以下の事項について承認、審議していただきました。

  • 規約の改定
  • 報告事項
  • 議事
  • その他

規約の改定について

<事務局から、委員の変更により一部規約改定の提案を行い了承された。>



報告事項

1.第6回西大滝ダム下流水環境調査検討会開催結果(資料1)

<事務局から、「第6回西大滝ダム下流水環境調査検討会開催結果」について報告があった。>



2.宮中取水ダム減水区間にける令和元年度(平成31年度)モニタリング調査結果(資料2)

<東日本旅客鉄道(株)から、「宮中取水ダム減水区間における令和元年度(平成31年度)モニタリング調査結果」について報告があった。>



議事

1.宮中取水ダム減水区間における令和元年度(平成31年度)モニタリング調査結果のまとめと評価(案)(資料3)

<事務局から、「宮中取水ダム減水区間における令和元年度(平成31年度)モニタリング調査結果のまとめと評価(案)」について説明があった。
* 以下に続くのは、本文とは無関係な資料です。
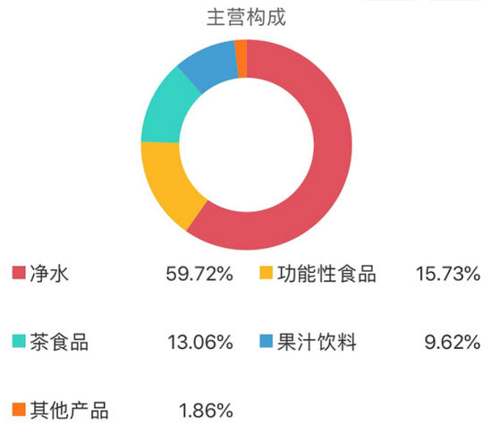 从收入组成来看,“包装饮用水”是农夫山泉的业绩基石,贡献近六成收入。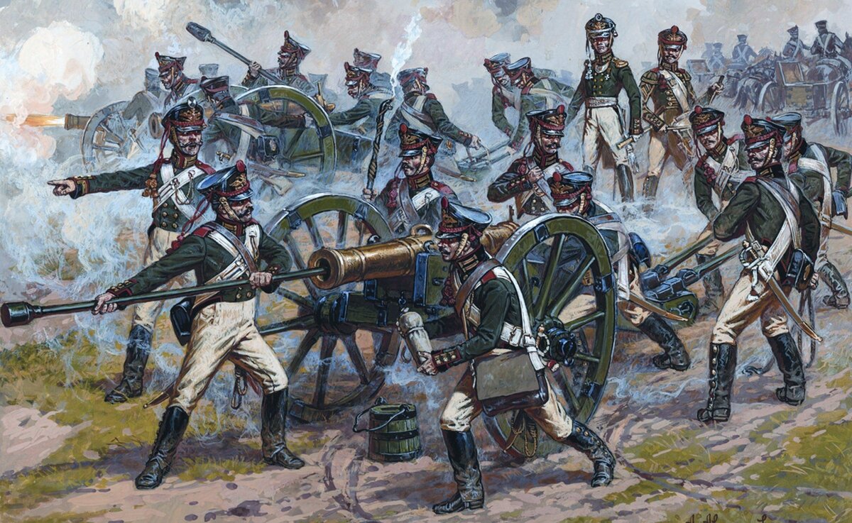 Например, в фильме "Союз спасения" показано действие картечи на строй солдат. Хочу отметить, что нужно было обладать действительно выдающимся мужеством, что б идти плотными рядами на артиллерийскую батарею, которая раз в 30-40 секунд косит строй. Но вернемся к организации русской артиллерии. За каждой пушкой был закреплен расчёт под командой унтер-офицера – фейерверкера. Туда обычно входило 5-6 человек: бомбардиры (опытные рядовые с повышенной квалификацией) и канониры, гандлангеры (рядовые, для вспомогательных действий). У каждого был свой номер при пушке: №1 действовал банником, №2 носил зарядную суму, №3 имел пальник и свечник, №4 – трубочную лядунку и протравники, и т.д. Перед стрельбой, по команде «Становись по своим местам!» нечётные номера строились по правую сторону орудия, а чётные – по левую. Два орудия с прислугой составляли взвод под командованием обер-офицера.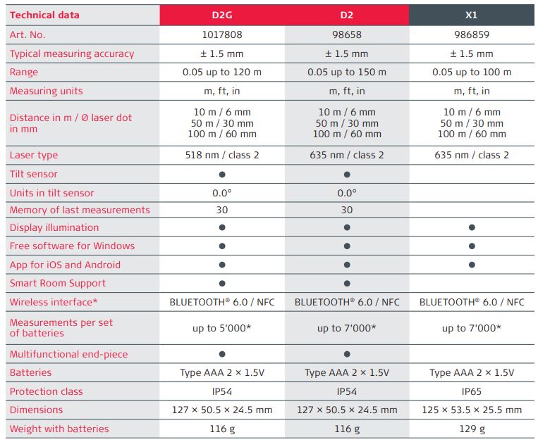 | Funkcijas | Nepārtrauktā mērīšana, Attāluma atlikšana, 2 Pitagora funkcijas, Perpendikula un diagonāles noteikšanas funkcija Kalkulators atņemšanai un saskaitīšanai, Platības noteikšanas funkcija, Kubatūras noteikšanas funkcija, Multifunkcionāls adapters, |

>




委員:
資料4の水温回帰モデルでは、減水区間の河川水温に与える影響は、魚道の水温が一番大きいとして整理されている。一方、資料3のp6では、日照時間が7時間以上、日最高気温が32℃以上の日が継続したから、河川水温が高くなったという印象を与えるので、誤解を与えないような表現にした方が良い。


事務局:
了解した。表現については、修正したい。


委員:
まとめと評価の文章は、調査結果のまとめが記載され、評価は記載されていないように思う。評価とは、結果を基に、ある程度踏み込んだ事に言及することだと思う。


事務局:
指摘のとおり、事実をまとめたという体裁になっているが、表現については、従前の記載内容を踏襲させて頂き、特に異常はなかったという評価をしていると認識している。より踏み込んだ評価については、5ヵ年の総括とりまとめで実施しているため、そちらもご理解頂きたい。


会長:
表現については、若干の問題はあるかもしれないが、今年の結果を数字として正確に記載して、それが過年度と比較して変化があるのかといった評価をしているということで、原案を認めて頂きたいたいと思う。ただし、委員からの意見を踏まえ、まとめと評価の表現に、もう少し評価を付け加えるよう事務局の方で検討して頂きたい。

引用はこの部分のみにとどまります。